Wishing I could just let all my worries go, I stood next to my car and watched her back away. She was right here, only somehow now exquisitely untouchable, and I wished I’d have been able to shut off my brain for one night and enjoy being with her. I really had to stop over-thinking.

* * *

“What’s that face?” Cooper smirked as I stumbled out of my car in the wide driveway of his cabin. I hadn’t slept all night after Ashley drove away. Cabin and fresh air was more likely to force me into a nap than anything else. The four Cokes I forced myself to drink on the drive weren’t helping at all.

Ree and Trevor raced past me toward the lake where the neighbors’ kids were already waiting.

I knew I had no idea what I was doing. I also knew I’d probably just made a stupid mistake and pushed Ashley away when maybe if she was in deep enough the kids wouldn’t matter, my age wouldn’t matter, our past wouldn’t matter. Not that I’d given her a chance to absorb any of my past because it wasn’t just mine. It belonged to my kids, too. But at least I was upfront with everything else.
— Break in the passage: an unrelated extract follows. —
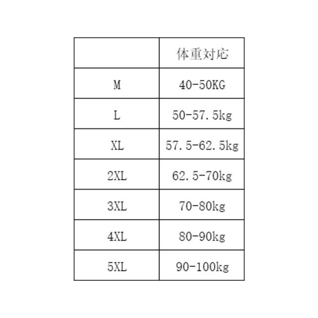 | サイズについての説明 | M: お勧め体重40-50kg L: お勧め体重50-57.5kg XL: お勧め体重57.5-62.5kg 2XL:お勧め体重62.5-70kg 3XL:お勧め体重70-80kg 4XL:お勧め体重80-90kg 5XL:お勧め体重90-100kg |
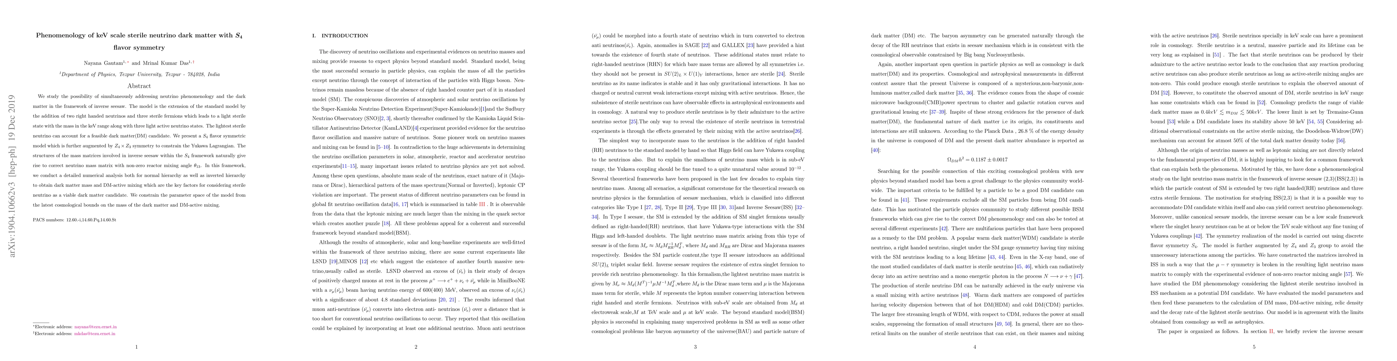 This paper explores a $S_{4}$ flavor symmetric model within the inverse seesaw framework to address both neutrino phenomenology and keV scale sterile neutrino dark matter. The model incorporates right-handed neutrinos and sterile fermions, leading to a viable dark matter candidate, with constraints derived from cosmological data.

“Dude.” Cooper slapped my back as he led me toward the lake. “How badly did you screw it up?”

“Thanks for the vote of confidence.” I rubbed my eyes again to no avail. My body still wanted to collapse on the porch.

“No, but seriously.” He shook me a few times as he squeezed my shoulder. “How bad did you screw up?”

I shrugged him off and flopped into a chair, throwing me feet up and kicking off my sandals. It was early morning, already hot, and I was ready for fall.